Linear Quantization is a technique that allows one to represent a floating-point number using a fixed number of bits and integer arithmetic [
30]. The BM ecosystem has been extended to allow the use of Linear Quantization operators. The main advantage of this approach is the possibility of using integer arithmetic, which is much more efficient than floating-point arithmetic on FPGA devices. In order to achieve this, special dynamic instructions were developed for this type of operator.
Finally, given the heterogeneity of the BM and the different numerical representations that can be used, it is necessary to have a common way to represent numerical values in both the software layer and the hardware. The
bmnumbers package has been developed exactly to achieve this goal.
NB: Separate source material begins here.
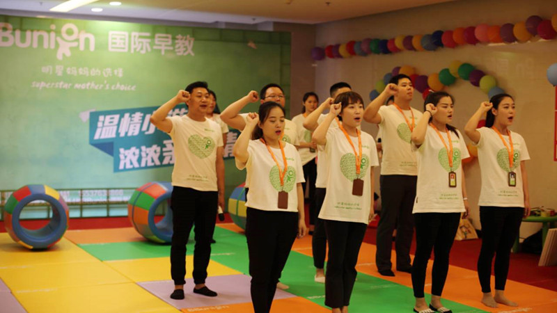 6月18日,在父亲节这个特殊的节日里,BBunion国际早教信阳中心在恒大商场四楼,举办宝宝有你,“爸”气十足大型亲子活动。首先,是BBunion国际早教信阳中心的团队展示。我们的成员进行了宣誓:我宣誓我将忠诚于早教事业,用爱与责任转播专业早教,陪伴孩子健康、快乐、成长,培养具备20年后社会需求的强竞争力人才,做最具品质的早教人。

This package is a Go library that manages all the numerical aspects of the BM. In particular, it is able to parse a numerical representation (i.e., a string) and to produce the corresponding binary representation (i.e., a slice of bits). This is achieved using a prefix notation, where the first characters of the string are used to identify the numerical representation. For example, the string “0f0.5” is parsed as a floating point number, or “0lq0.5
<8,1
>” is parsed as a linear quantized number of 8 bits with ranges given by type 1 (the type is stored as an external data structure within
bmnumbers).
Table 1 reports the available numerical representations and the corresponding prefix.
It is important to underline as bmnumbers is also responsible for the conversion, casting, and export of numerical representations throughout the BM ecosystem.
3.3. BASM and Fragments
The BM ecosystem has been extended to allow the use of a new tool called BASM (BondMachine Assembler). BASM uses a low-level language that allows one to write BM code directly in assembly. Similar to the BondGo compiler, BASM is able to generate both the BM architecture and the application that will run on it.
A central concept of BASM is the fragment. A fragment is a small piece of assembly code that can be combined in different ways and thought of as a function with its input and output parameters. An example of a fragment is shown in Listing 1.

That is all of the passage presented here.